“On June 5, 2015, the U.S. Postal Service published a commemorative stamp in honor of Flannery O’Connor. She was an anomalous candidate for such acclaim, since her work stands at a critical distance from the American project, both in its older and more recent iterations. Precisely in her refusal to assimilate her fiction to the national consensus, she made her most valuable gift to it.

“The chief evidence for this claim is to be found in two 1963 issues of the Jesuit journal America that O’Connor read and marked only a few months before her death. In one essay, John Courtney Murray, the leading Catholic theologian on matters of Church and state at the time, expressed his hope that the Second Vatican Council’s forthcoming treatment of religious freedom would be in full accord with what he called ‘the true political tradition of the Christian West.’ The American constitutional system, in Murray’s view, has served to recover the Catholic rejection of all absolutisms, both ecclesial and governmental.

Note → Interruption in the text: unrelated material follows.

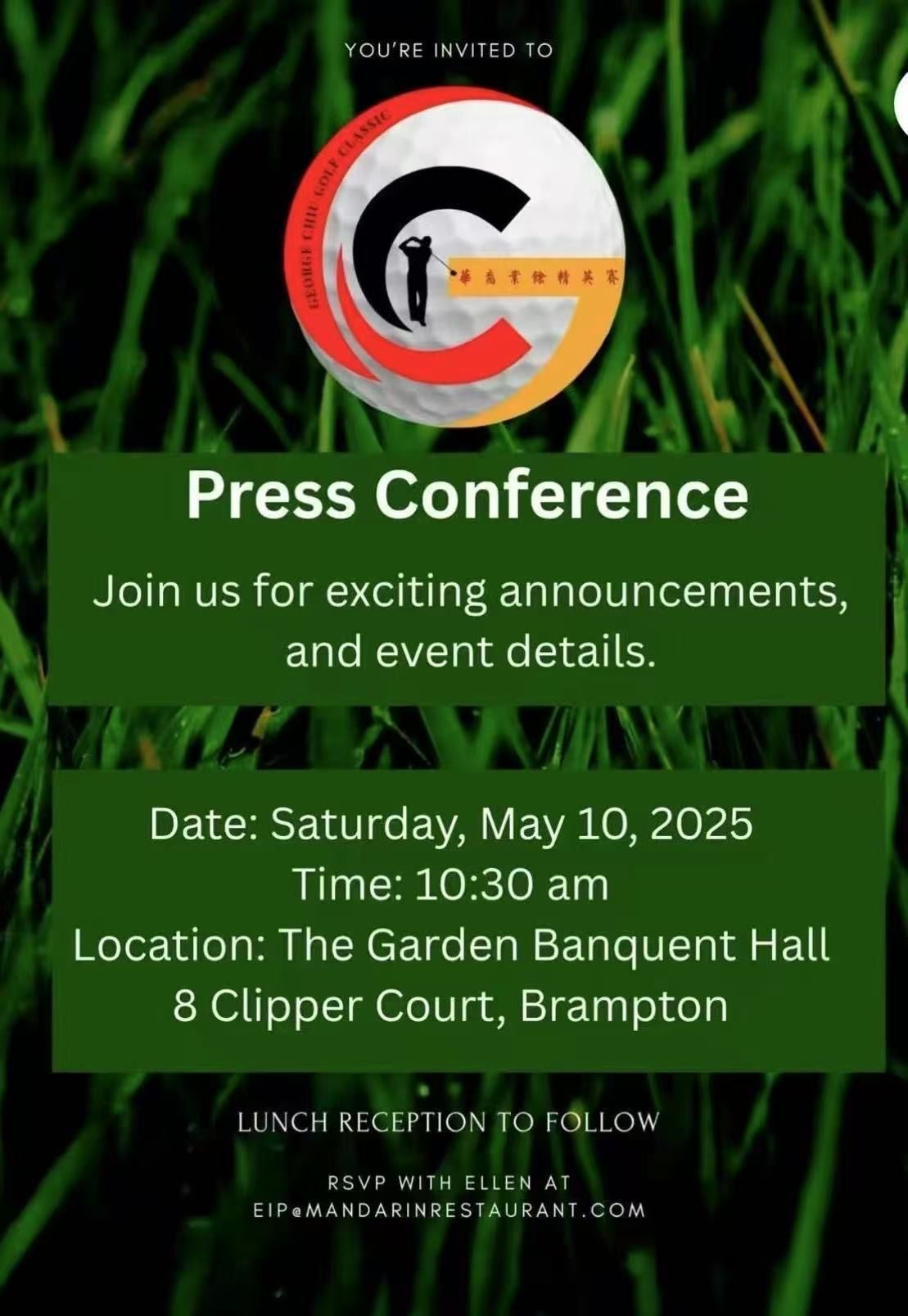 乔治·邱高尔夫精英赛组委会(George Chiu Golf Classic)于5月10日(星期六)中午在宾顿市(Brampton)

It does so by insisting that ‘political authority has no part whatsoever in the care of souls (cura animarum) or in the control of the minds of men (regimen animorum).’ Hence Murray’s confidence that Dignitatis humanae, the Vatican II declaration on human freedom, would call for governments to remain secular and neutral by not according special privileges to any of the various religious traditions, but instead granting all of them freedom of both worship and belief.

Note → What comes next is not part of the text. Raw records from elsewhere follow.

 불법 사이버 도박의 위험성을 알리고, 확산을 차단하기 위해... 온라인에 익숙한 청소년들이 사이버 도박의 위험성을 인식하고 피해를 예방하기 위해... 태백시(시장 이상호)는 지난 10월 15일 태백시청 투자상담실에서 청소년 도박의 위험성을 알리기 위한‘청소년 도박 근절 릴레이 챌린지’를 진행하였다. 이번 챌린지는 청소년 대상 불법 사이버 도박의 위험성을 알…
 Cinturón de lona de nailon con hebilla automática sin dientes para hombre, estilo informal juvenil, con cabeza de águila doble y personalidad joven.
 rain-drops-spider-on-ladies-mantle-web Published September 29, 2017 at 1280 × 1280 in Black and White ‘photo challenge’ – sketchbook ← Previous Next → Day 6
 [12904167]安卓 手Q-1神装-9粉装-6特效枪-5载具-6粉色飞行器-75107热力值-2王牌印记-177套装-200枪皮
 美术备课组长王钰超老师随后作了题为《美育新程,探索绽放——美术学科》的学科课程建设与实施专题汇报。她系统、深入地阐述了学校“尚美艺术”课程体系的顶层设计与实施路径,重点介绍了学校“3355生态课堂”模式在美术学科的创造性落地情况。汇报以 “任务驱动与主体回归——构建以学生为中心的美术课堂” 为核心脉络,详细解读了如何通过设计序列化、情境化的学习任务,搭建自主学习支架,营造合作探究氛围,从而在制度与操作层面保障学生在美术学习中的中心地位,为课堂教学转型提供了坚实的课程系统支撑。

“Yet at the very end of his essay, Murray expressed a certain worry about this neat separation of spheres, whereby Church and state attend to their complementary and rarely conflicting affairs: ‘The question today is, whether the Church should extend her pastoral solicitude beyond her own boundaries and assume an active patronage of the freedom of the human person . . . who stands today under a massive threat to everything that human dignity and personal freedom mean.’ Unlike Flannery O’Connor, Fr. Murray seemed impervious to the threats, both spiritual and physical, that might come from the American political system itself.

“The second essay, which O’Connor underlined and starred with asterisks, came from the young Jesuit theologian Bernard Coughlin, who argued a case much closer to O’Connor’s own position. Fr. Coughlin warned that the American principle separating Church and state, when joined with our religious pluralism, becomes ‘a principle separating church and society.’ It confines Christian faith to the private sphere, as if it were an inward and invisible thing, when in fact it is an outward, visible, public Thing, as Chesterton properly capitalized it, an unabashedly communal and thus an irreducibly political reality. The Church’s chief mission, therefore, is to worship the triune God and to practice its ethical life in full accord with its historic convictions. The Church is called to make prophetic witness, therefore, against all pretensions to secular autonomy. When the nation-state pretends to such sovereignty — as invariably happens — it is in fact no longer secular. It transforms itself into what Fr. Coughlin identified as ‘an antireligious religion.’ ‘To the Christian,’ he cautioned in June 1963, ‘secularism is a form of idolatry — the deification of man-made things.’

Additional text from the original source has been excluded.